Algorithmic strategies for FPGA-based vision

2016-11-29T04:26:52Z (GMT) by Lim, Yoong Kang
As demands for real-time computer vision applications increase, implementations on alternative architectures have been explored. These architectures include Field-Programmable Gate Arrays (FPGAs), which offer a high degree of flexibility and parallelism. A problem with this is that many computer vision algorithms have been optimized for serial processing, and this often does not map well to FPGA implementation. This thesis introduces the concept of FPGA-tailored computer vision algorithms, particularly on a stream processing mode. Case studies on FPGA implementations of standard corner detections (Harris, FAST and SUSAN) were carried out and analyzed to highlight the differences between hardware and software.
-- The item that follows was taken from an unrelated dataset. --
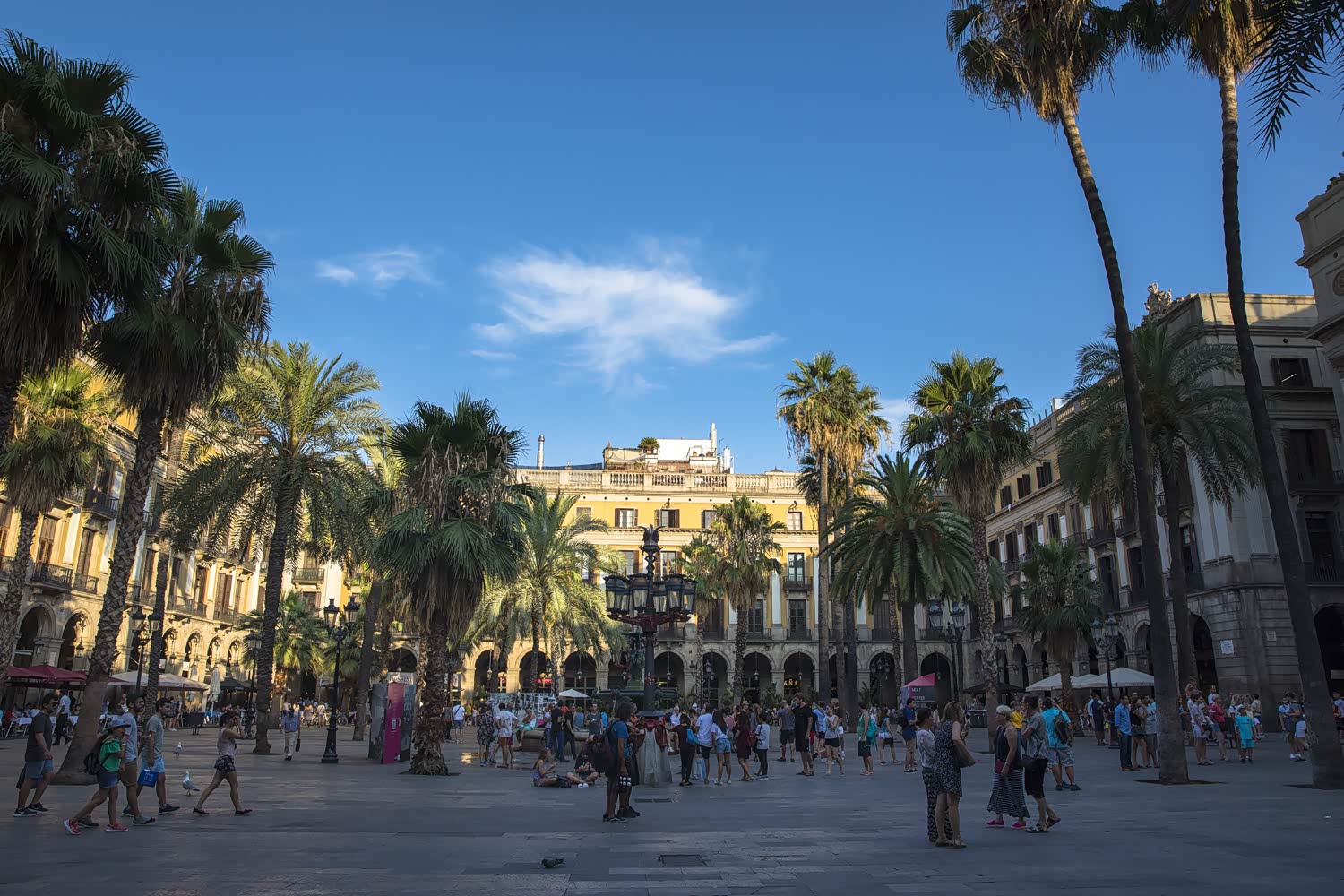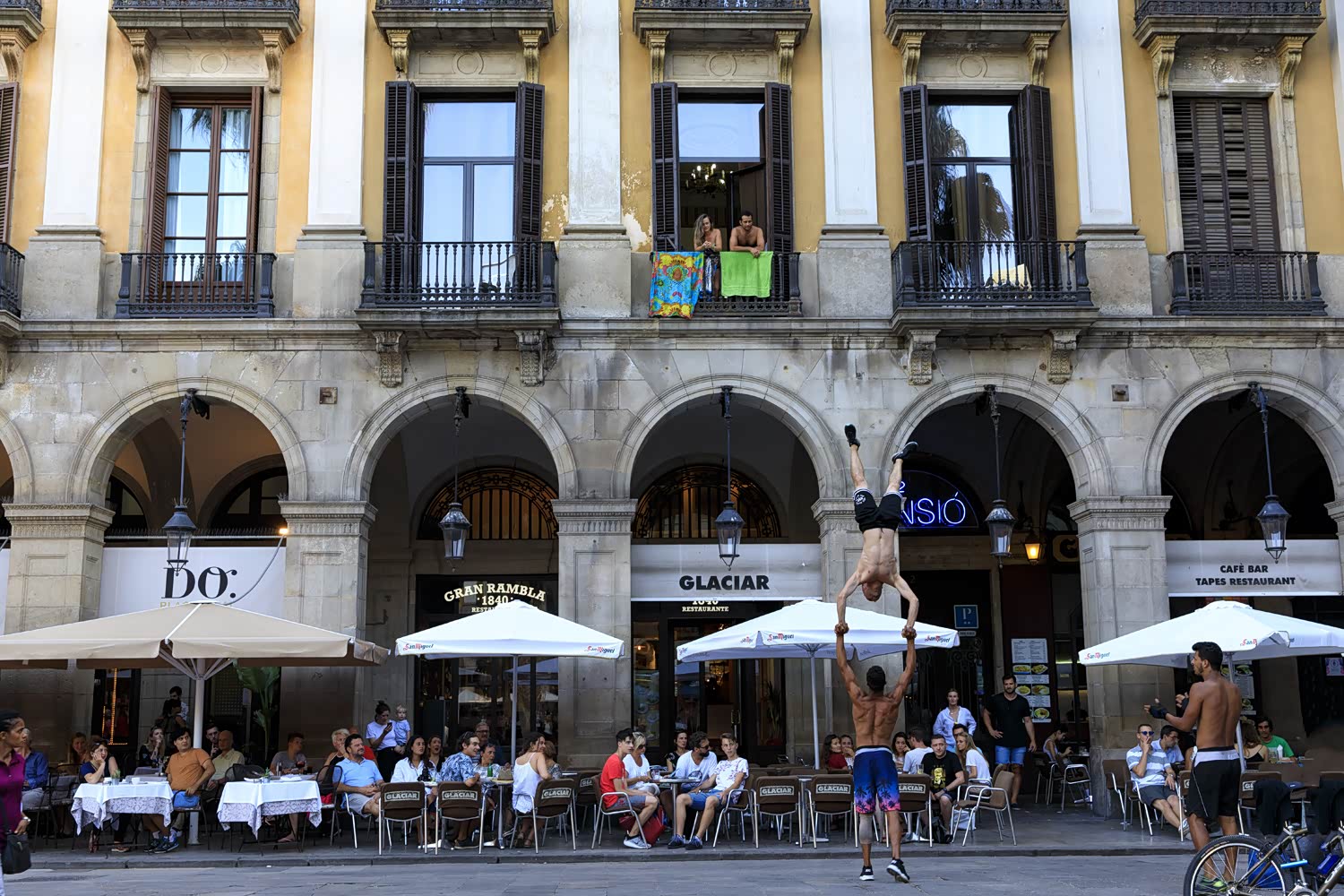 皇家广场位于兰布拉大道的东侧,难得在一大片密密麻麻的老建筑中有那么一个空隙,广场两侧也全是各种餐厅,楼上便是酒店,一些街头艺人会在这里表演挣点小费

Through this analysis, it was observed that an efficient software algorithm may not retain its speed advantage in the hardware domain. In fact, algorithms that are slower in software, can achieve comparable or faster performance in the hardware domain with the appropriate implementation compared to algorithms optimized for serial processing. Other observations include the optimization goals for FPGA implementation, the opportunities present in FPGAs that can be exploited, and properties of algorithms that are suitable and unsuitable for FPGA implementation. The outcome is a set of guidelines and principles for an FPGA-tailored algorithm. This information is then used in the design of a face detection algorithm optimized for FPGA implementation. This algorithm was deliberately designed to use operations suitable for FPGAs, based on the insights gained from the corner detection case studies. The result is a face detection algorithm that is unattractive as a software implementation, but is a reasonable choice as an FPGA implementation. The FPGA implementation of this algorithm achieves high theoretical framerates, and is implementable on a low-cost, low-end FPGA development board. This implementation is also competitive with FPGA implementations of the software-optimized Viola-Jones algorithm, especially on lower-end devices.